Thursday, April 20, 2017

Tak Kuasa Menahan Sakit, Seorang Warga Nekat Gantung Diri

    Thursday, April 20, 2017  

Reporter : Nella Rachma

suarabojonegoro.com -  Sugiman (60), warga Dusun Canjang RT 005 RW 002 Desa Sumberbendo Kecamatan Bubulan Kabu Bojonegoro, pada Kamis (20/04/2017) sekira pukul 09.00 WIB pagi tadi, diketahui meninggal dunia dengan cara gantung diri. Diduga kakek tersebut nekat mengakhiri hidupnya dikarenakan korban merasa putus asa akibat menderita sakit prostat yang tidak kunjung sembuh dan korban merasa rindu kepada kedua anaknya yang saat ini tinggal di luar kota.

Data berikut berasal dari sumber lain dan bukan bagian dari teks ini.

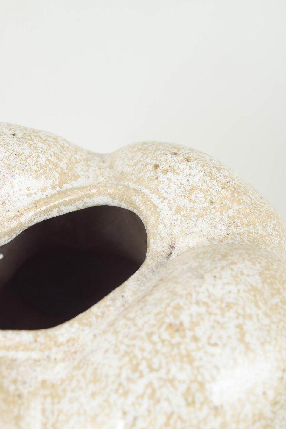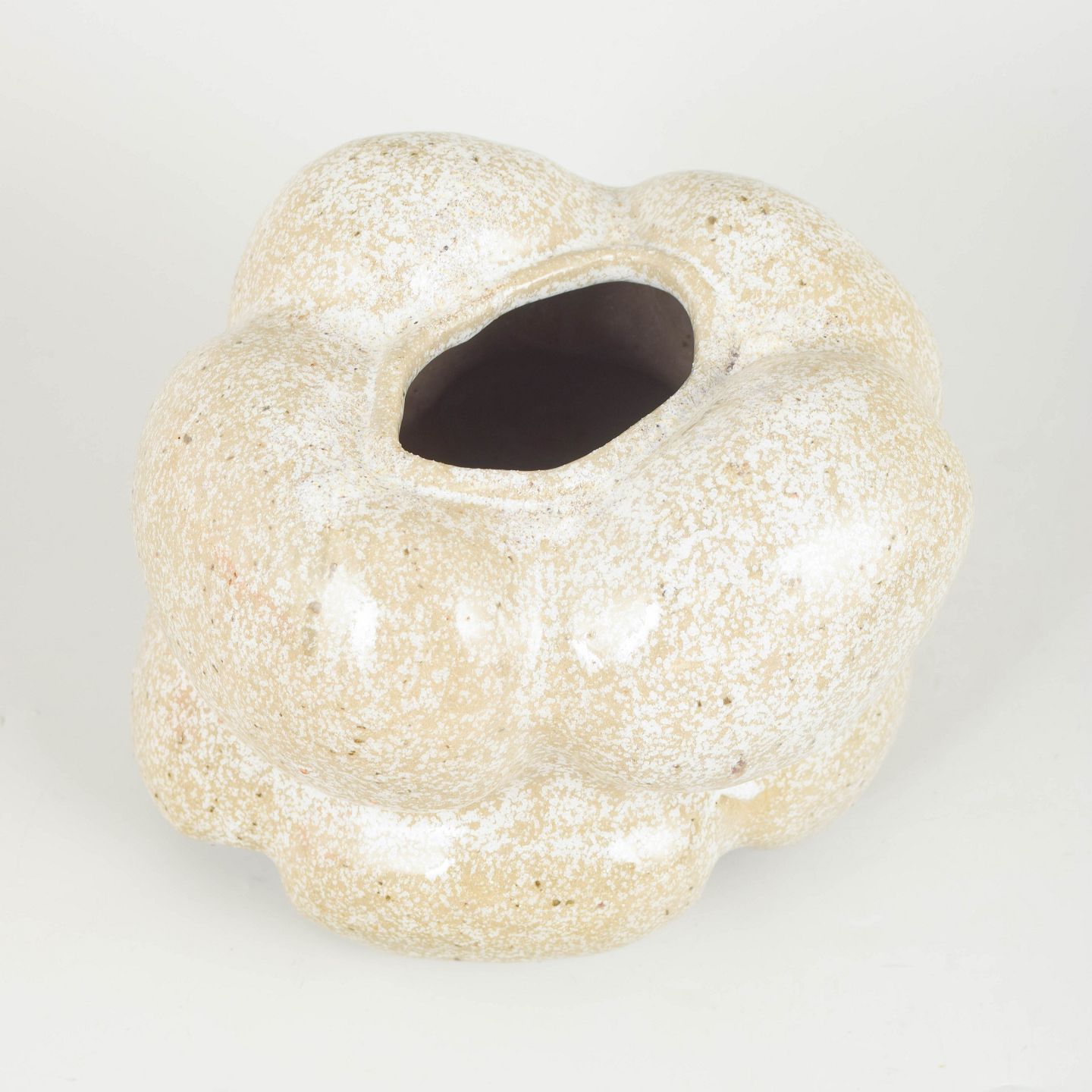 Unika stentøjsskulptur, organisk formet. Glasuren der dækker vasen er snowflake glasur, en glasur der er klar med bittesmå hvide krystaller der minder om snefnug.
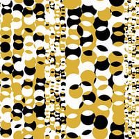Lichtgeel goud, zwarte en witte cirkels met zandsteenstructuur.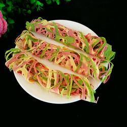 6. Brush a small amount of oil on the pan, pour in the batter, and match the color to your liking.Fry over low heat until cooked and rolled up

Menurut keterangan Kapolsek Bubulan, AKP Supadji, yang dihimpun dari keterangan saks-saksi, bahwa pada Kamis sekira pukul 07.30 WIN, istri korban yang bernama Karsinem (65), berpamitan kepada korban untuk berangkat ke tegal miliknya, yang berjarak sekitar 300 meter dari rumah korban.

“Saat istrinya berpamitan, korban masih berada di rumah,” terang Kapolsek.

Kemudian sekira pukul 09.00 WIB, tetangga korban yang bernama Sutarjo (59), melewati pekarangan rumah korban dan mengetahui korban telah gantung diri di pohon kayu jati yang berada di pekarangan rumah korban. Mengetahui kejadian tersebut, saksi berteriak memberitahukan kepada warga sekitar, kemudian memberitahu kepada kepala desa setempat.

“Selanjutnya, Kepala Desa Sumberbendo melaporkan peristiwa tersebut pada Polsek Bubulan. ,” lanjut Kapolsek.

Setelah menerima laporan tersebut, anggota Polsek Bubulan segera mendatangi rumah korban, guna melakukan oleh TKP dan melakukan identifikasi terhadap korban, bersama Muspika dan petugas dari Puskesmas Bubulan.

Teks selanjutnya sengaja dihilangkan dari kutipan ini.